→ YOUR TASK:
The lines below, from the one holding "Büyükşehir Belediyesi ekipleri, su" through the one holding "4本 (g002265) 收藏", are to be restated word for word, with all images left out.

→ DATA SECTION:
::::

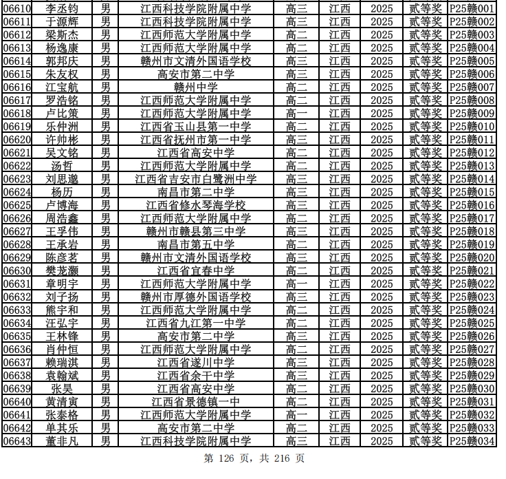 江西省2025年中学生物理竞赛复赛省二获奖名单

::::

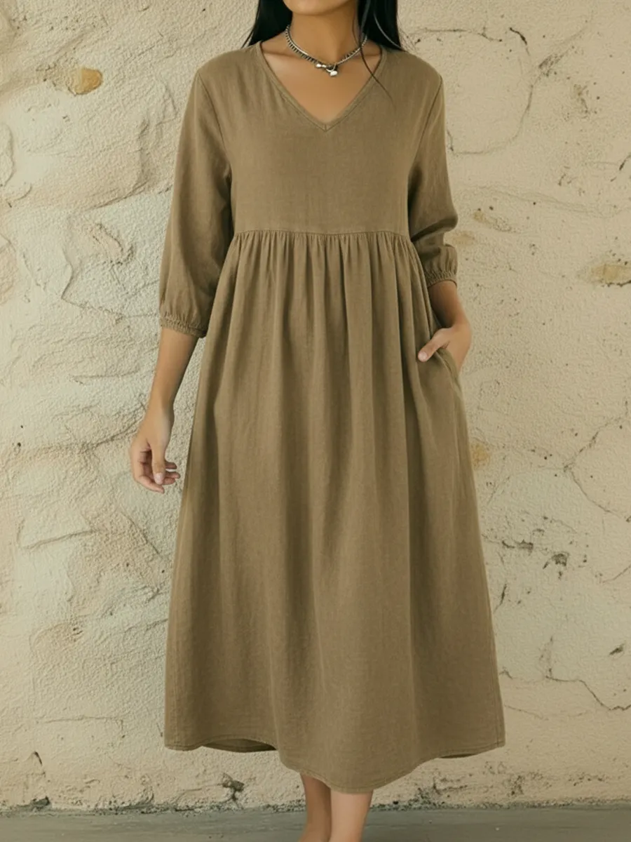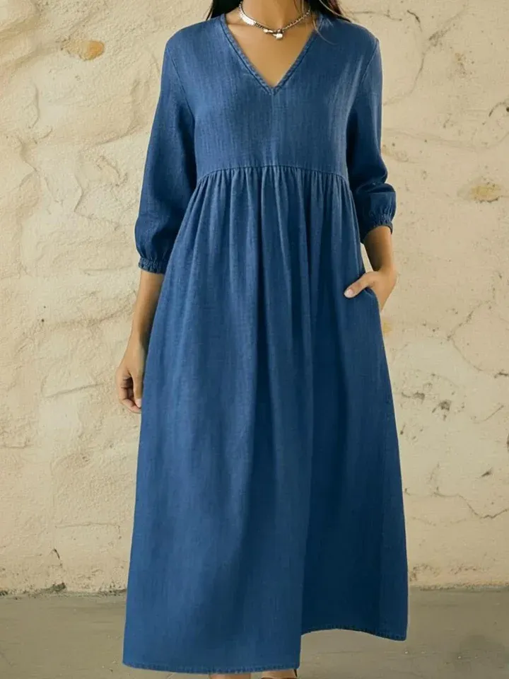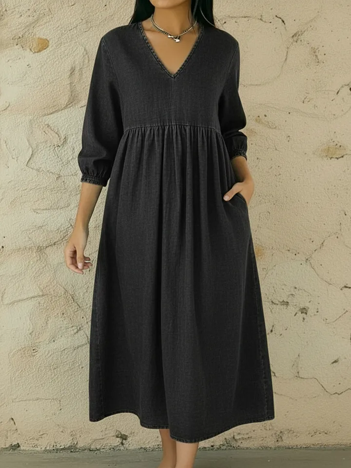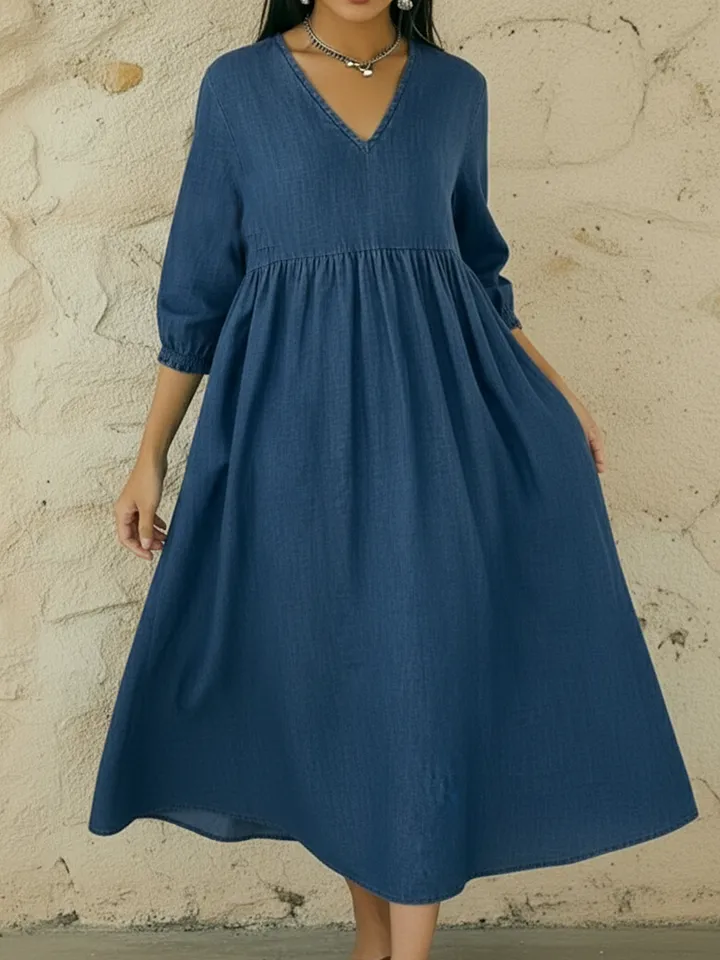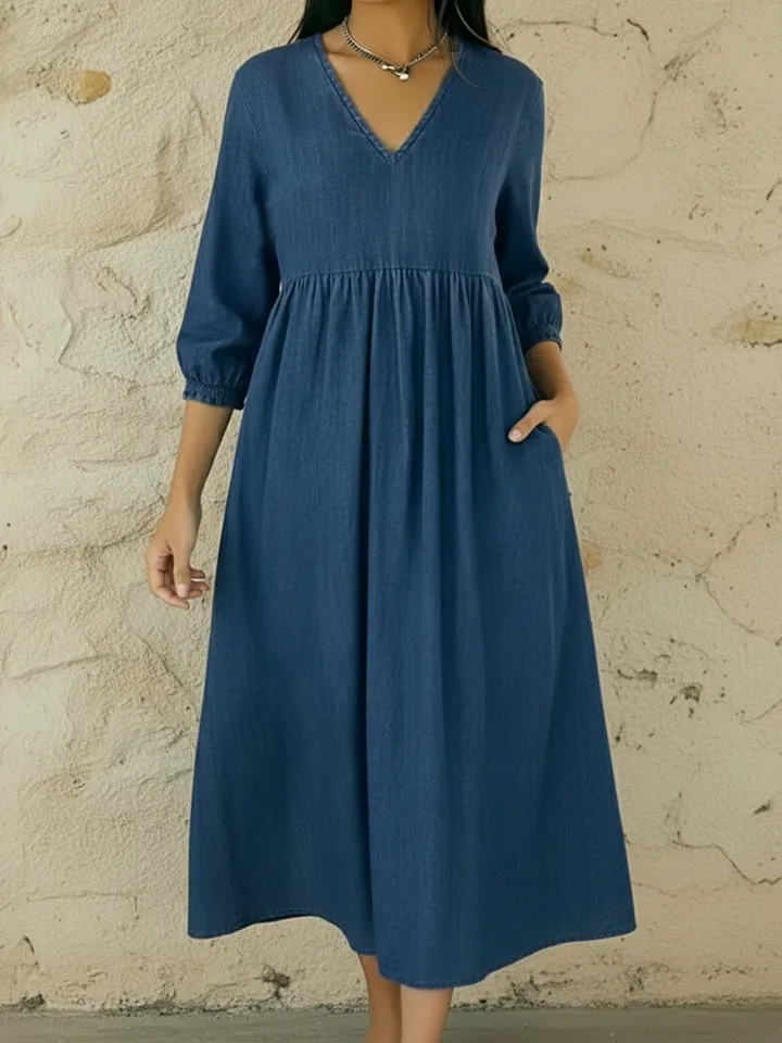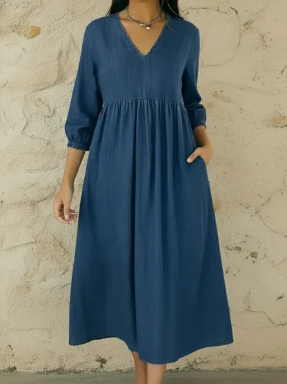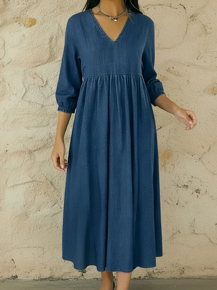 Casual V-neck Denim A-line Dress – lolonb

::::

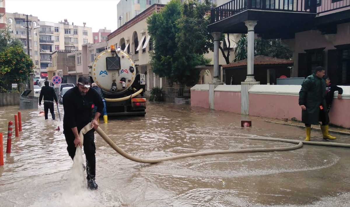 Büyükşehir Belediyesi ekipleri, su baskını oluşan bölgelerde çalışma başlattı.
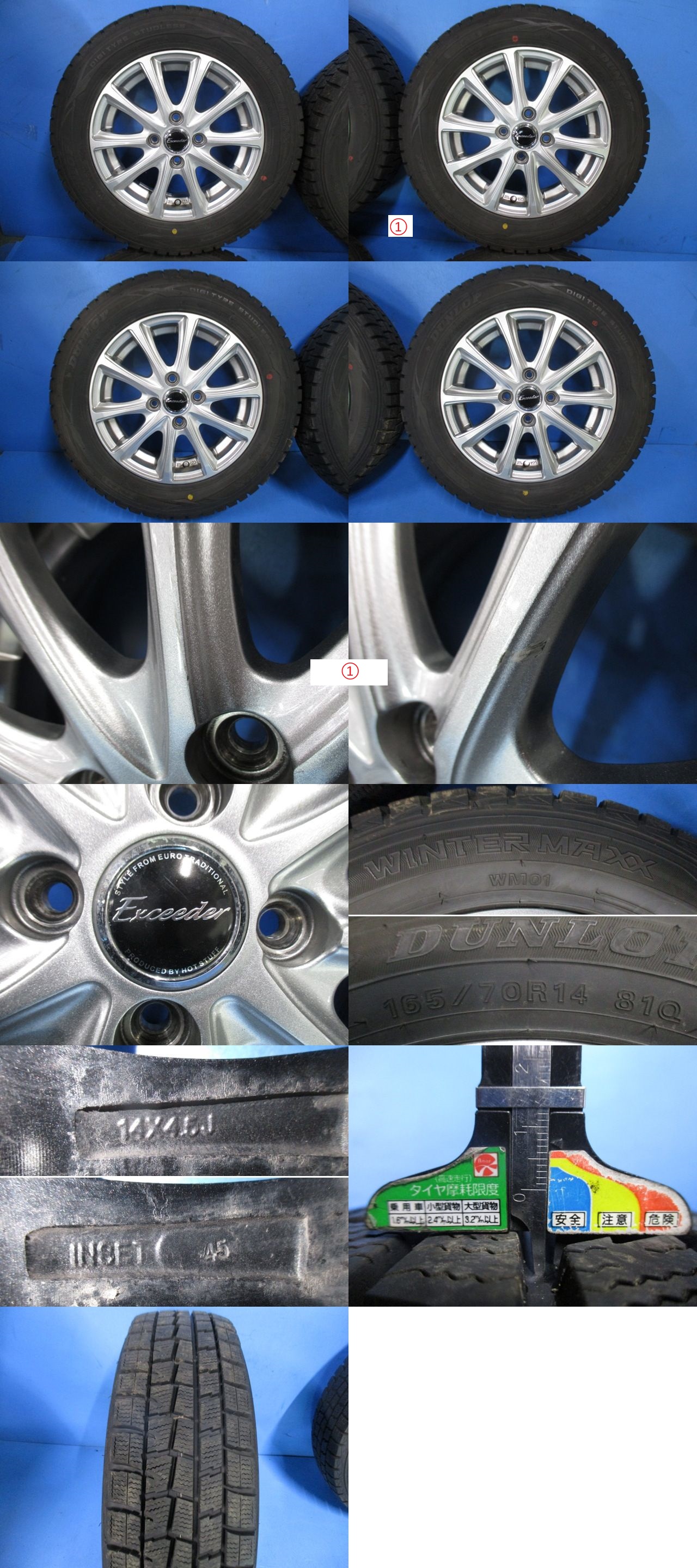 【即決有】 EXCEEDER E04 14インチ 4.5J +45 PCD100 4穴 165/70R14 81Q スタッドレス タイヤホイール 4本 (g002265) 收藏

::::

→ WRITTEN REPLY:
 Büyükşehir Belediyesi ekipleri, su baskını oluşan bölgelerde çalışma başlattı.
 【即決有】 EXCEEDER E04 14インチ 4.5J +45 PCD100 4穴 165/70R14 81Q スタッドレス タイヤホイール 4本 (g002265) 收藏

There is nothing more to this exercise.